New freedoms bring new frameworks. Look at our secular freedoms like freedom of speech, of religion, of assembly, they are defined and regulated in our laws and constitutions, such as the Bill of Rights that contains the first amendments to the US constitution or in the European Declaration of Human Rights. And freedoms have to be limited, because one person’s freedom can impinge another’s. Free speech is not unlimited: lies, exaggerations, or personal defamation are not allowed. And I am glad to live in a country that strictly limits the right to bear arms, especially firearms, as the freedom of the person bearing arms too often proves to be fatal for those who don’t.
Paul too introduces a new framework, when he refers to Christians having become obedient to the “form of teaching to which you were entrusted.” (6:17) By this he probably means the, at that time still oral, accounts of Jesus’ life and teaching, the practice of the Eucharist, and a code of practice of virtuous behavior. Presenting our members, our bodies and intellect, to God for “as instruments of righteousness” (6:13) means using them for righteous purposes, serving our fellow humans beings out of our love for Jesus, or as we heard in Matthew’s Gospel today, being welcoming and hospitable not just to prophets and righteous persons but to any “little one.” 

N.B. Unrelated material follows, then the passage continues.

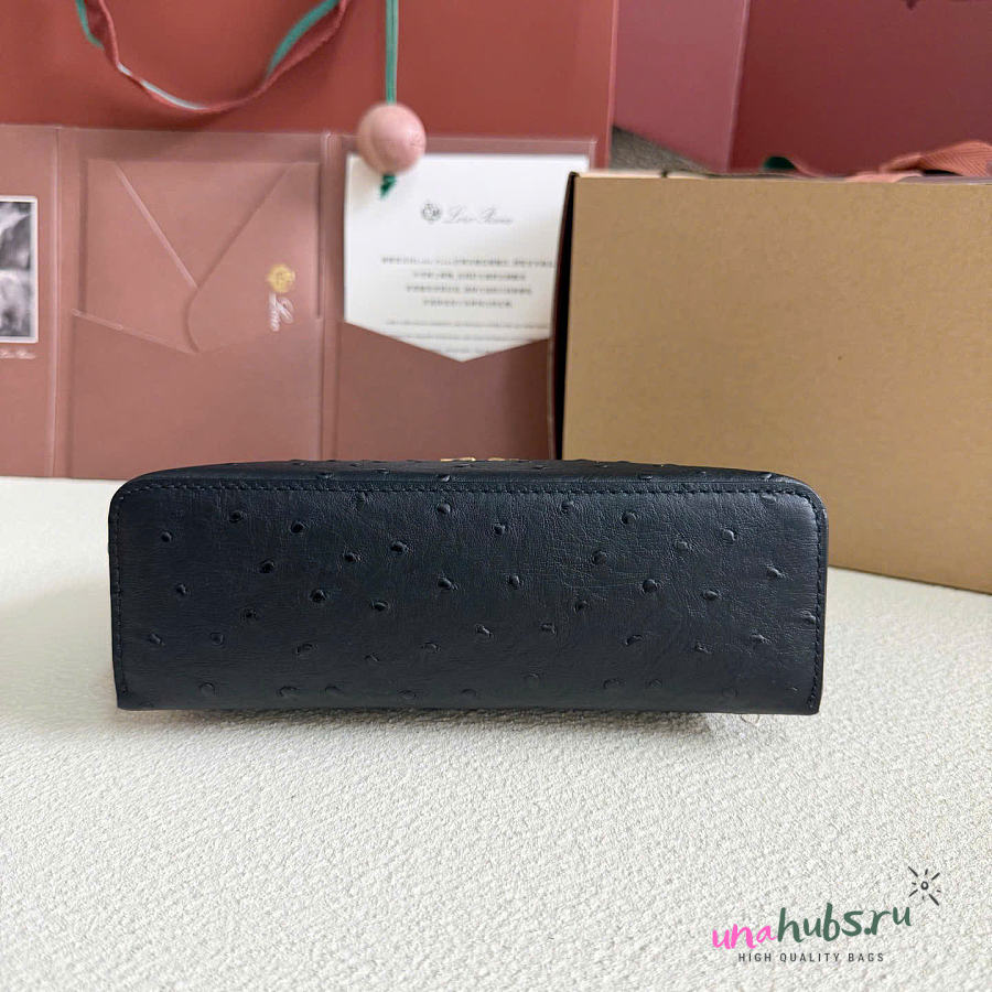 Loro Piana Extra Pocket L19 Ostrich Leather Black Gold 19cm

The difference between this “form of teaching” and law is the motivation. We are obedient from the heart – that is because we choose to be and because we are being transformed from within until this sort of behavior becomes part of our nature. Our Christian freedom is in this choice. On the one hand we can choose to live by behavior which is, at least in the long term both destructive to us and to those around us. Excessive drinking for example does eventually have consequences for our health and severely impacts how we relate to others. When Paul refers to death as the wages of sin, (6:23) he is not threatening a punishment, but simply describing the consequence of “sinful” behavior. 

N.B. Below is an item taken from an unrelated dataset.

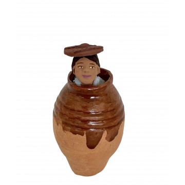 Petit garçon dans un pot provençal , couvercle sur la tête

Eternal life on the other hand is not earned; it is a free gift of God. Our new master is not the tyrant he is often claimed to be, and to be honest the one too many Christians make God out to be with lots of new rules and prohibitions. God’s character, as demonstrated in Jesus’ life and work, is grace and generosity. Living according to the “form of teaching” is not about earning salvation, but about living saved lives now, beginning our resurrection life in the present time, and living in this world as one dedicated to God.  That is what Paul means by us getting sanctification at the end of which is eternal life in Christ Jesus.  

That was also Martin Luther’s conclusion in his final, 30th thesis ofOn the Freedom of a Christian.” Christians, he says, does not live in or for themselves, but in Christ and in their neighbor. They live in Christ by faith and in their neighbor by love. Christian freedom frees the heart from all sin, law and commands he concludes.

So we are free to choose good or bad, free to choose which Lord or Master we serve. Christian Liberty is service, the service of Christ motivated by love. This freedom can be found; we don’t have to look far for it. This (the cross) is the symbol of Christian freedom. It stands for Christ’s free choice to serve us, even unto death, and it stands for his offer of the free choice of serving God through him and in one another. This is what one of the Collects in our Prayer Book calls perfect freedom: 

“O God, the author of peace and lover of concord, to know you is eternal life and to serve you is perfect freedom.”[1]